9/11 Conspiracy Theorist Charlie Sheen Scripts Steamy Fanfic Encounter with President
Charlie Sheen makes $860,000 per episode of Two and a Half Men. Let that number roll around in your head for a bit as you consider the unusual story of "Twenty Minutes with the President," a fictitious fireside chat with President Obama -- conceived, written, story and based upon a theory championed by the sitcom star -- that has been loosed upon the Internet by radio host and 9/11 conspiracy theorist-in-arms (the politically correct term is Truther, or Cover-Up-Enabling-Challenged), Alex Jones.
Of course, were you to stumble haphazardly upon the transcript hosted on Jones' website, perhaps after a night of drinking too much and Googling a hazardous search-term cocktail of "Cheerleaders + Bush + Manly men, men, men," you'd be forgiven if you had assumed the conversation had actually taken place. Sheen chooses to preface it with this introduction:
I recently had the pleasure of sitting down with our 44th President of the United States of America, Barack Hussein Obama, while he was out promoting his health care reform initiative. I requested 30 minutes given the scope and detail of my inquiry; they said I could have 20. Twenty minutes, 1200 seconds, not a lot of time to question the President about one of the most important events in our nation's history. The following is a transcript of our remarkable discussion.
Sheen then produces what could well be the start of a bold new offshoot of the traditional fanfic -- the World Leader Comes Around to the Conspiracy Theory 99.9% of the Population Dismisses as Crackpot genre -- weaving in sexy guest appearances by Osama bin Laden, Dick Cheney, FBI translator Sibel Edmonds and The New Yorker reporter Seymour Hersh along the way.
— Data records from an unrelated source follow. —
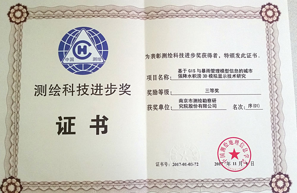 全国测绘科技进步三等奖——基于GIS与暴雨管理模型信息的城市强降水积涝3D模拟显示技术研究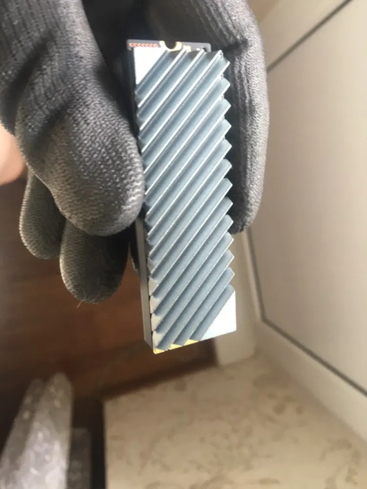 Доставка 9 дней. Сделан аккуратно, края ровные. В комплекте два набора термопрокладок. На Samsung 960 pro 512 встал отлично. Температура в простое 44 градуса. В CrystalDiskMark 8.0.1 при записи в 32 потока до 82 градусов - все равно тротлинг, но не такой ужасный, как без радиатора. В итоге - неплохой радиатор для обычных ссд. Для экстремальных задач мало.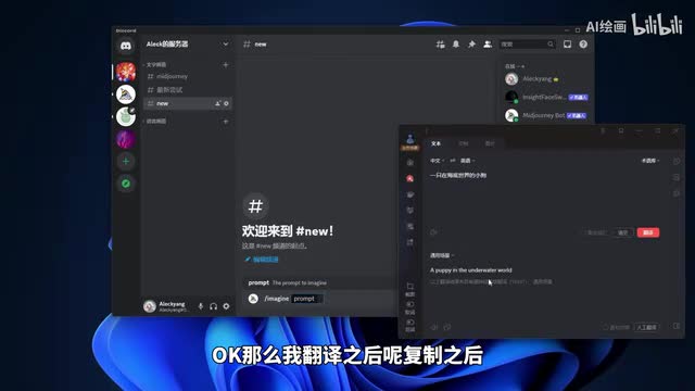 我们这个词呢,我们描述词呢需要用英文去呃输入。我们这时候我们去找一个翻译软件,去把我们描述词翻译。我们去想,比如说我现在想要生成一张在海底世界的一只小狗,那么呢我们可以就是说用英文软件去呃翻译软件去翻译一下。比如说我是。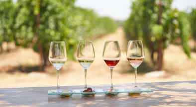 - Probiere vier Weinsorten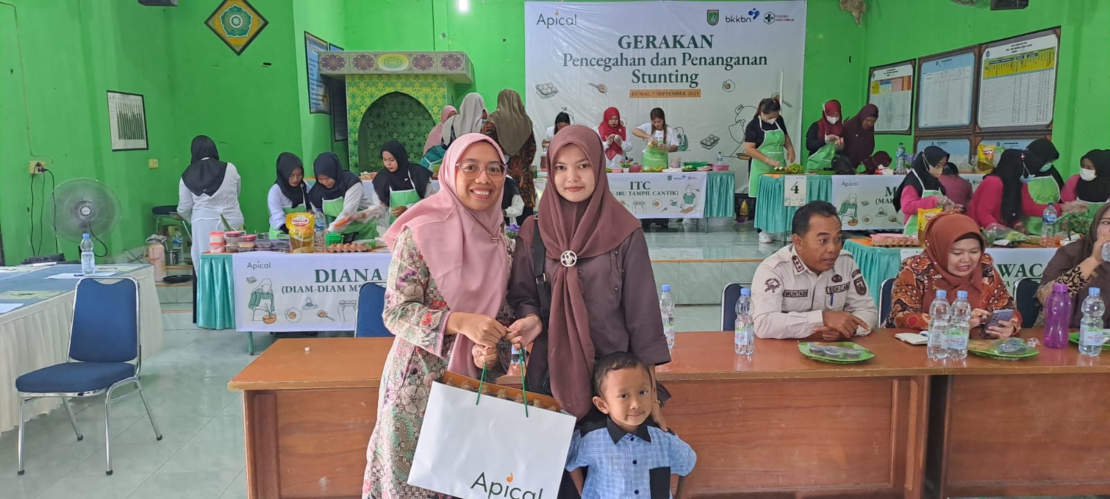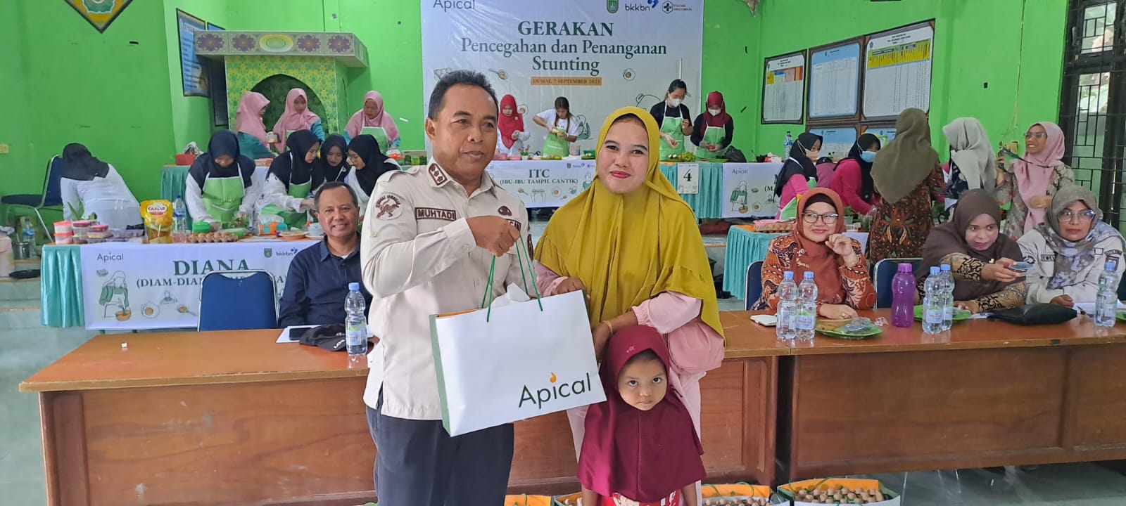 Gerakan pencegahan dan penanganan stunting diselanggarakan Apical Group bersama BKKBN Kota Dumai dan Puskesmas yang dilaksanakan di ruang serbaguna kantor Lurah Lubuk Gaung, Kecamatan Sungai Sembilan.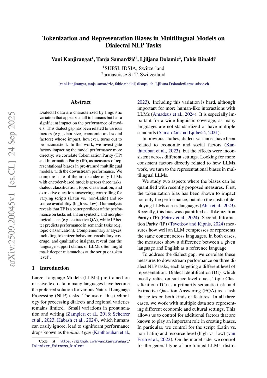 Dialectal data are characterized by linguistic variation that appears small to humans but has a significant impact on the performance of models. This dialect gap has been related to various factors (e.g., data size, economic and social factors) whose impact, however, turns out to be inconsistent. In this work, we investigate factors impacting the model performance more directly: we correlate Tokenization Parity (TP) and Information Parity (IP), as measures of representational biases in pre-trained multilingual models, with the downstream performance. We compare state-of-the-art decoder-only LLMs with encoder-based models across three tasks: dialect classification, topic classification, and extractive question answering, controlling for varying scripts (Latin vs. non-Latin) and resource availability (high vs. low). Our analysis reveals that TP is a better predictor of the performance on tasks reliant on syntactic and morphological cues (e.g., extractive QA), while IP better predicts performance in semantic tasks (e.g., topic classification). Complementary analyses, including tokenizer behavior, vocabulary coverage, and qualitative insights, reveal that the language support claims of LLMs often might mask deeper mismatches at the script or token level.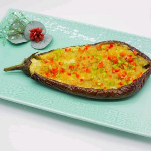 将茄子从中间切开,倒入大蒜酱,这个酱汁使用的是山东大蒜熬制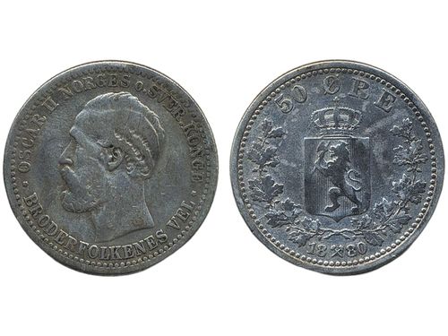 Coins, Norway. Oskar II, NM 53, 50 øre 1880. Key date. 1. Coins, Norway. Oskar II, NM 53, 50 øre 1880. Key date. 1. Visa mindre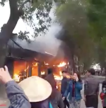 Vài phút sau, lửa đã cháy lan sang các ki ốt bên cạnh. Khu vực này có hơn 20 ki ốt kinh doanh nhiều mặt hàng khác nhau. Người dân đã nhanh chóng dùng các phương tiện chữa cháy tại chỗ để dập lửa và báo cho lực lượng PCCC.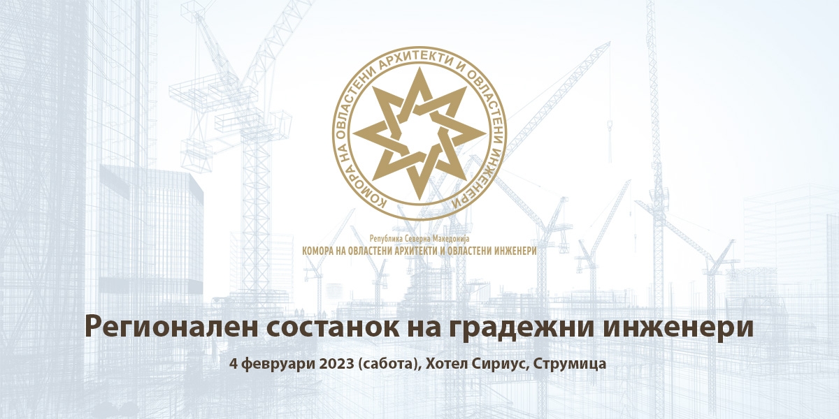 На 4 февруари 2023 година (сабота), во Хотел Сириус, Струмица со почеток во 10.30 часот, ќе се одржи Прва регионална струкова средба на градежни инженери.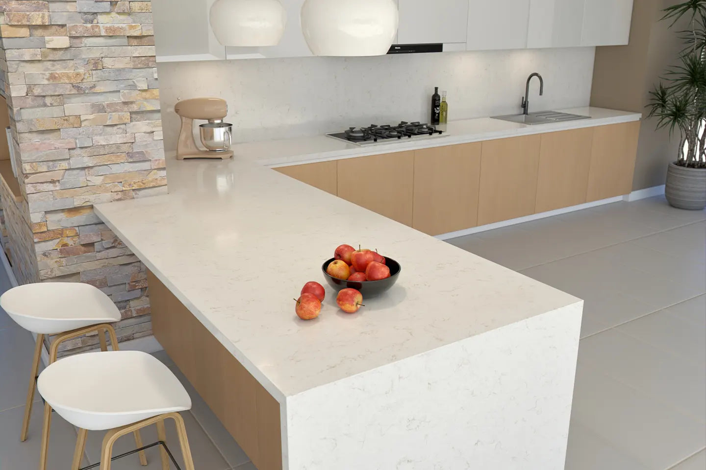 Doğal kuvars minerallerinden üretilir. Pürüzsüz ve gözeneksiz yapısı sayesinde temizliği kolaydır, mutfakta konforlu bir kullanım sunar.

All the while, he shows a talent for capturing Obama's cool-headed and even-handed affability, as well as the President's endearing tendency to heap superlatives upon the stars of CBS' Monday night lineup. (When he says, "Big fan of the show, by the way," we were immediately reminded of the time he cornered Cobie Smulders at a D.C. press luncheon, his breath reeking of cheap Chardonnay as he gushed how she "held the delicate HIMYM chemistry in balance." Sadly, that encounter was all too real.)